En outre, il a été jugé que la participation, même exclusive de tout vote, d’un conseiller d’une collectivité territoriale à un organe délibérant d’une association, lorsque la délibération porte sur une affaire dans laquelle il a un intérêt, vaut surveillance ou administration de l’opération au sens de l’article 432-12 du code pénal (Cour de cassation, chambre criminelle, 9 février 2011, req. n° 10-82988).
Le délit de prise illégale d’intérêts peut être constitué lorsque l’élu participe aux seules étapes du processus de décision (Cour de cassation, chambre criminelle, 5 avril 2018, req. n° 17-81.912) ou à une réunion informelle (Cour de cassation, chambre criminelle, 20 janvier 2021, req. n° 19-86.702).
Au regard de ce risque pénal, la Haute Autorité pour la transparence de la vie publique invite, dans son guide déontologique, les élus à se déporter de toute décision relative aux associations où ils exercent des fonctions, même à titre bénévole, en tant que représentant de la collectivité, « notamment les décisions leur octroyant des subventions et portant sur les contrats susceptibles d’être conclus avec elles » (Guide déontologique II, Contrôle et prévention des conflits d’intérêts).
S’agissant par ailleurs du risque d’annulation de la délibération, l’article L. 2131-11 du CGCT dispose que « sont illégales les délibérations auxquelles ont pris part un ou plusieurs membres du conseil intéressés à l’affaire qui en fait l’objet, soit en leur nom personnel, soit comme mandataires ».
La jurisprudence administrative retient l’illégalité de la délibération si l’élu intéressé à l’affaire a un intérêt qui ne se confond pas avec ceux de la généralité des habitants (Conseil d’État, 1er juillet 2019, req. n° 410714) et, de manière cumulative, s’il a été en mesure d’exercer une influence sur la délibération (Conseil d’État, 12 octobre 2016, req. n° 387308).
Ainsi, le Conseil d’État a jugé que les conseillers municipaux, président et membres du conseil d’administration d’une association gérant une maison de retraite, ont intérêt à l’affaire et que leur participation entache d’illégalité les délibérations accordant des garanties d’emprunt à l’association (Conseil d’État, 9 juillet 2003, req. n° 248344).
Par ailleurs, la participation de l’élu intéressé, même exclusive de tout vote, aux travaux préparatoires et aux débats précédant l’adoption d’une délibération est susceptible de vicier sa légalité, si le conseiller municipal intéressé a été en mesure d’exercer une influence sur la délibération (Conseil d’État, 12 octobre 2016, req. n° 388232).
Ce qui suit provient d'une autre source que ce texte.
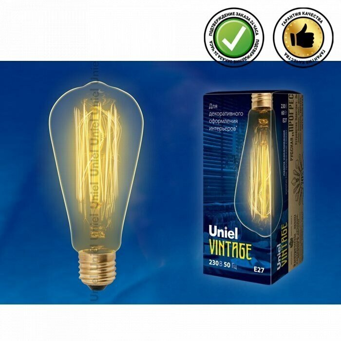 Отзывы на Лампа накаливания Uniel E27 60W золотистая IL-V-ST64-60/GOLDEN/E27 VW02 UL-00000482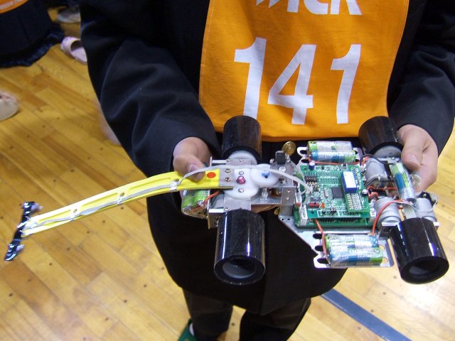 つくばろぼっとサークル 品田さん「Sentinel」。駆動モータはエリートというモータで4WD。ギヤ比6:1。ステアリングモータも同じモータでギヤ比55:1。アナログセンサ4個。塔の様に立っているのは、センサの前を見るためのセンサでカーブ直前でブレーキをかけている。アッカーマンリンク機構でこの部分の製作が苦労したとのこと。 |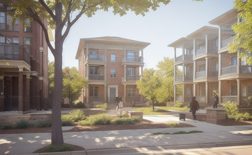 sustainable design exterior shot modern renovated historic kansas city apartments central green court with clear pedestrian hierchy active porch and entry relationship to the court landscape integration that softens the building visual separation barrier from the road heavy masonry expression reduced glazing where appropriate setbacks and landscape buffers strong vertical rhythm to reinforce urban presence masonry colonnades cornice lines architecture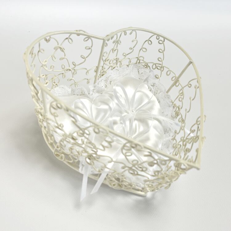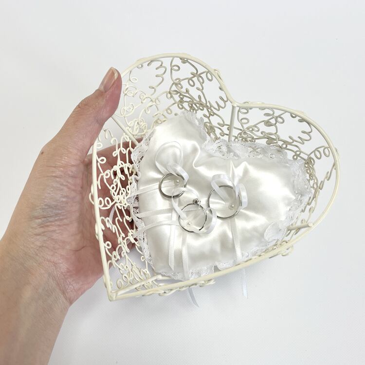 ワイヤー製のシンプルなハート型のバスケットなので、お二人らしくアレンジも可能。お花やリボンを飾ってオリジナルのリングピローにしましょう。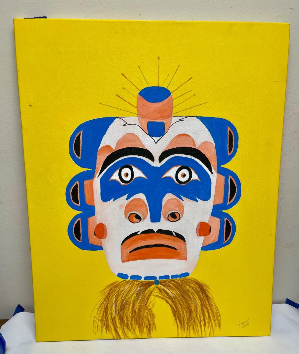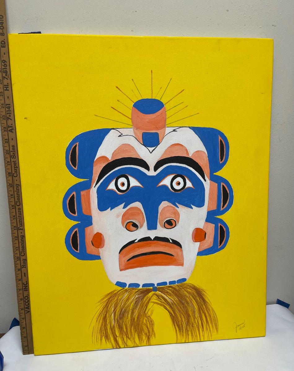 Oil on Canvas Tribal Mask Painting by Joana Contemporary Modern
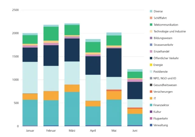 Übrigens: Auch das Bundesamt für Cybersicherheit (kurz BACS; Link zur Website ncsc.admin.ch) hat die Entwicklung in der Schweiz immer im Blick und veröffentlich frei zugängliche Halbjahresberichte. Der Bericht zum ersten Halbjahr 2024 zeigt, wie gross bereits der ständige Anteil an Phishing als Bedrohung ist, Bild 10. Im Vergleich zum Halbjahr 2023 hat sich die Zahl an Phishing-Angriffen verdoppelt. Auch die Übersicht der am meisten für Phishing missbrauchten Marken- und Firmennamen nach Branchen ist im Bericht sehr interessant, Bild 11.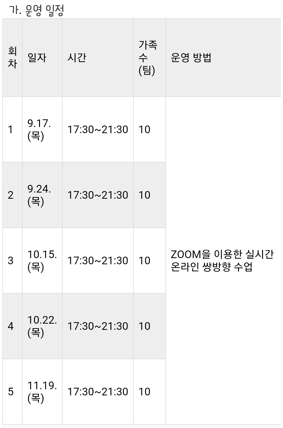 ※ 지난 1기 신청하여 선정된 20팀의 가족은 우선 선정 대상이로재신청 불필요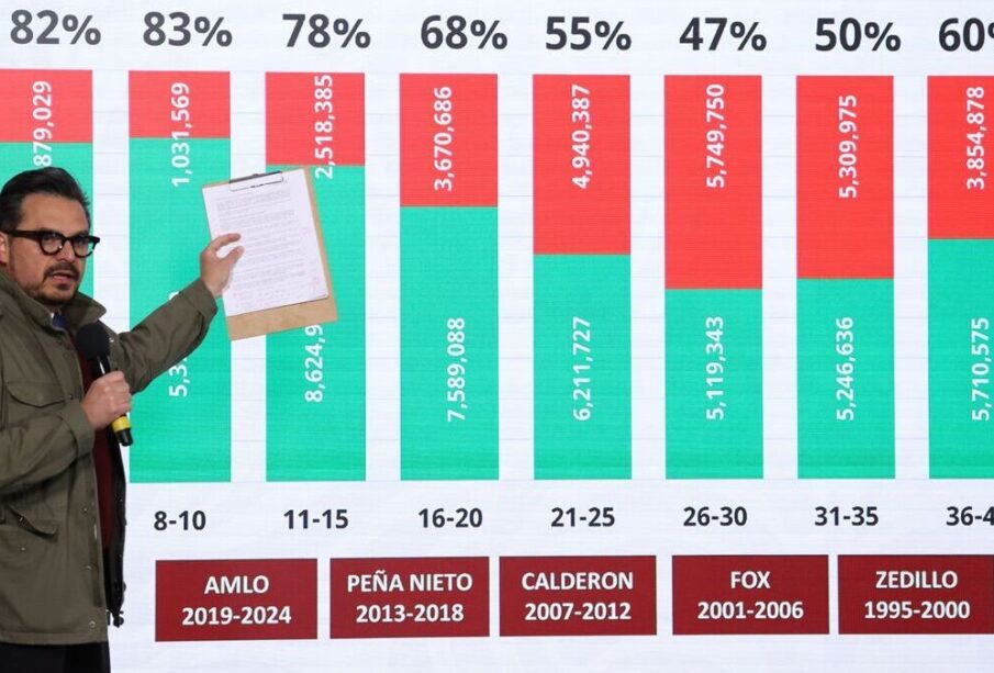 CIUDAD DE MÉXICO, 11FEBRERO2026.- Zoé Robledo, titular del Instituto Mexicano del Seguro Social (IMSS), muestra una gráfica sobre vacunación durante la conferencia Mañanera del Pueblo en la que se informó sobre los casos de Sarampión en el país, así cómo la estrategia nacional para su prevención. FOTO: GALO CAÑAS/CUARTOSCURO.COM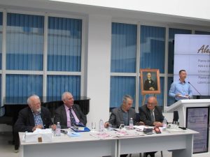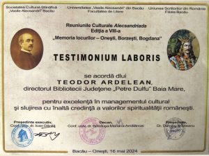 Profesorul Dănilă a venit cu câteva completări și explicații, respectiv că ediția a doua a cărții lui Petre Dulfu, gândită și planificată să apară la Editura Vasile Alecsandri din Bacău: „În clipa de față sunt doar două exemplare apărute: unul la domnul director și altul aici. De ce? Fiindcă am revizuit conținutul și m-am întâlnit la un moment dat cu o situație din care n-am putut ieși. Acum însă, tot cu ajutorul Bibliotecii de la Baia Mare, am găsit ieșirea. Prin urmare, fie Ana-Maria Brezovszki, fie Petre Dulfu, unul dintre cei doi, a «povestit» poezia lui Vasile Alecsandri. Așadar, versurile lui Alecsandri nu sunt incluse în versificația clasică, știută, cea din ediția princeps, ci au fost trecute într-un fel de proză. Întrebarea este cine le-a povestit: Ana-Maria Brezovszki, traducătoarea, sau Petre Dulfu, în teza lui de doctorat? Rămâne să stabilim. Acum mă bucur că avem originalul, scanat, al acestui exemplar din 1881, și îi vom da drumul la tirajul lung”. După care l-a gratulat pe directorul Teodor Ardelean cu un braț de cărți și distincții, la care a plusat și Dumitru Brăneanu, cu o carte a lui George Bacovia numită Stanțe burgheze. „Ați putut vedea și dumneavoastră – a adăugat universitarul băcăuan – ce om extraordinar este domnul Teodor Ardelean, așa încât i-am pregătit și noi un gest simbolic de recunoștință, în primul rând un «Testimonium laboris». Avem tot pentru dumnealui medalia – sunteți primul, domnule director, care o primeşte –, lansată astăzi, «Maria Bogdan», fiica lui Vasile Alecsandri, cu certificat de autenticitate. Și mai este ediţia Alecsandri din 2019, care trebuie neapărat să meargă la Baia Mare, în două volume, îngrijite de Eugen Simion, prietenul nostru. Și ultimul lucru, scos de la inimă (adică din buzunarul de la piept, n.n.), o medalie «Alecsandri și George Sion», pentru bicentenarul nașterii celui ce ne-a lăsat Limba românească. Felicitări din toată inima, domnule director!”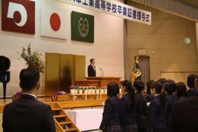 第53回卒業式が行われ、3年生計183名が天草工業高校から巣立っていきました。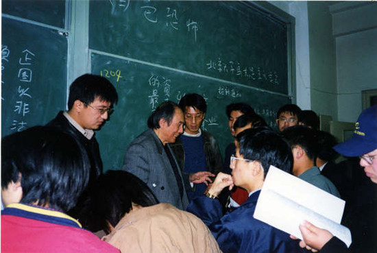 演讲刚刚完毕,青年学生就拥到讲台前,围着林书扬问这问那(图7,林书扬在北京大学演讲后与同学们交谈,吴小珊拍摄)。他们对世界充满好奇,问得相当大胆:“我有些迷惑,请问白色恐怖与红色恐怖比,哪一个更恐怖?”、“你对魏京生出狱作何感想?”、“你对李敖竞选台湾领导人怎么看?”、“你对陈水扁怎么看,他是代表谁的利益?”、“林先生作为本省人,当统一联盟主席,会不会被骂作台奸?”、“本省人有多少人留恋日本统治?”,甚至问到“你究竟拿了共产党多少钱?”、“你坐牢34年有政治上的灰心吗?”、“出来后看到台湾的变化有何感触?祝您健康!”林书扬不急不火,一一作答,让我们看到他对未经世故年轻人的体谅和包容。至今我相信,他的那番结语会永远在未名湖畔回荡:“我一会儿没有过后悔。内心支持我的是——进步必须有代价,代价必须有人承担,那就由我们承担!”

À ainsi été jugée illégale une délibération prise par la commune sur le rapport de l’élu intéressé, qui a également présidé la séance et pris part activement aux débats, exerçant ainsi une influence sur cette décision (Cour administrative d’appel de Lyon, 29 avril 2021, req. n° 19LY02640).
De manière générale, afin d’éviter tout risque pénal ou d’annulation, et sous réserve de l’appréciation souveraine du juge, il appartient aux élus intéressés à une affaire de s’abstenir d’intervenir dans les travaux préparatoires de la délibération.